Potential boost to economy 

Many of today’s jobs require a combination of skills and knowledge, both of which are often developed at university. Making higher education fee-free could encourage more people to upskill through tertiary study, enhancing their potential in a job market that is increasingly requiring degrees from prospective candidates. 

Lessens financial burden on a generation of young adults 

It’s no secret that the world has become a more expensive place since university fees were last abolished. Today’s tertiary students face a number of potential financial burdens that weren’t experienced by past generations, such as inflated house prices and cuts to penalty rates. Throw in an increase in university fees and lower repayment thresholds, and many Australians may simply be priced out of attending university. Offering free tertiary education would combat this issue, allowing students to undertake further study without facing a huge financial burden. 

Cons 

Covering the cost could fall onto the average Australian 

Let’s face it – funding tertiary education for all Australians is never going to be a cheap task. When university fees were first abolished in the 1970s, the cost of covering free tuition began to emerge as a significant burden on the federal budget. While many Australians support a move towards the re-implementation of fee-free university, the cost of this policy must be absorbed somewhere. Increasing taxes on the wealthiest members of society, closing corporate tax loopholes and decreasing exorbitant spending in other sectors have emerged as viable options, yet it is also likely that the average taxpayer could be hit with the extra costs. 

Too many graduates

When the Whitlam Government introduced free university in the 1970s, many working-class Australians hadn’t finished high school and hence didn’t need a tertiary qualification. It’s a different story today – over 87 per cent of Australians successfully attained their Year 12 certificate in 2017, resulting in a higher demand for university places. Providing free-for-all tertiary education could see this demand outweighing supply, potentially flooding the job market with similarly qualified graduates who may struggle to find meaningful employment post-university. The devaluing of degrees could also be an issue, as a bachelor degree would lose its prestige if everyone held one. Graduates could be forced to return to university for postgraduate study (which isn’t free) in order to gain the edge over other job candidates.   

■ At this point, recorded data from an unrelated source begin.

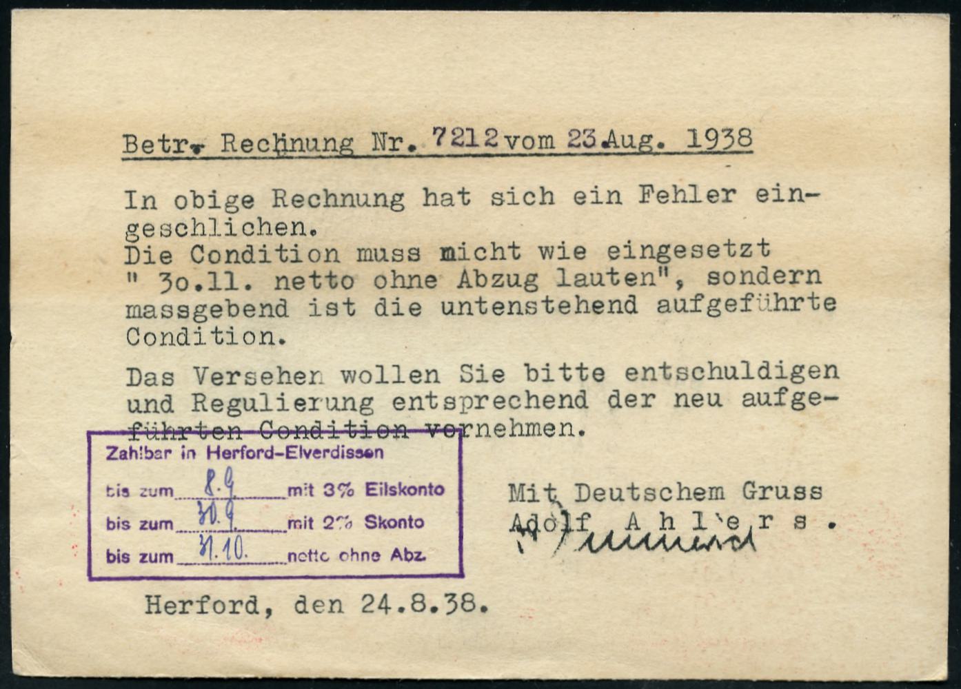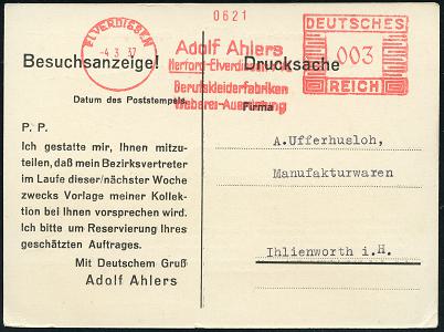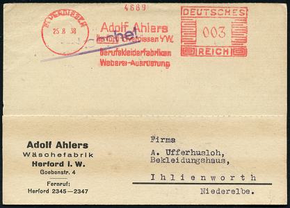 8796 | 16 € | PL-Raum 49.. (ohne Herford) : ELVERDISSEN/ Adolf Ahlers/ ..Berufskleiderfabriken.. 1938 (25.8.) AFS Francotyp "Mäanderrechteck" auf Firmen-Kt.: Adolf Ahlers, Wäschefabrik.. (schwache Leimspuren) n. Ihlienworth (Dü.E-2CEh) | ![]() ![]() | |
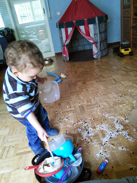 En un dia frío y lluvioso como hoy, en los que ir al parque no es una opción, se me ha ocurrido jugar con granos y pasta, he hecho una mezcla con recomendaciones de otras bloggers, y bueno salió esto. Las actividades con MiniMoi no suelen durar mas de quince minutos, esta podría decirse que ha sido un éxito, ha durado 45 minutos. Cuando se cansó, él mismo recogió y llevó parte de los trastos a la cocina y me ayudó a meterlos al lavavajillas.
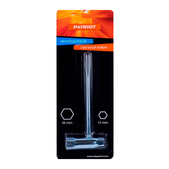 Универсальный свечной ключ PATRIOT для проведения технического обслуживания свечей зажигания в двух или четырехтактных двигателях садовой техники, силовой и строительной техники. Инструмент включает в себя две торцевые головки диаметром 13 мм и 19 мм, а также плоскую отвертку.

Potential drop in value of tertiary education 

The financial motivation that comes with paying for university encourages students to get the most out of their education. It’s probably safe to say that many students would feel more at ease to skip classes, miss submission dates and not make full use of university resources if there weren’t any financial repercussions. This lapse in student conscientiousness could translate to decreased graduation rates, as well as the misallocation of vital resources that could be better utilised in other areas of the university.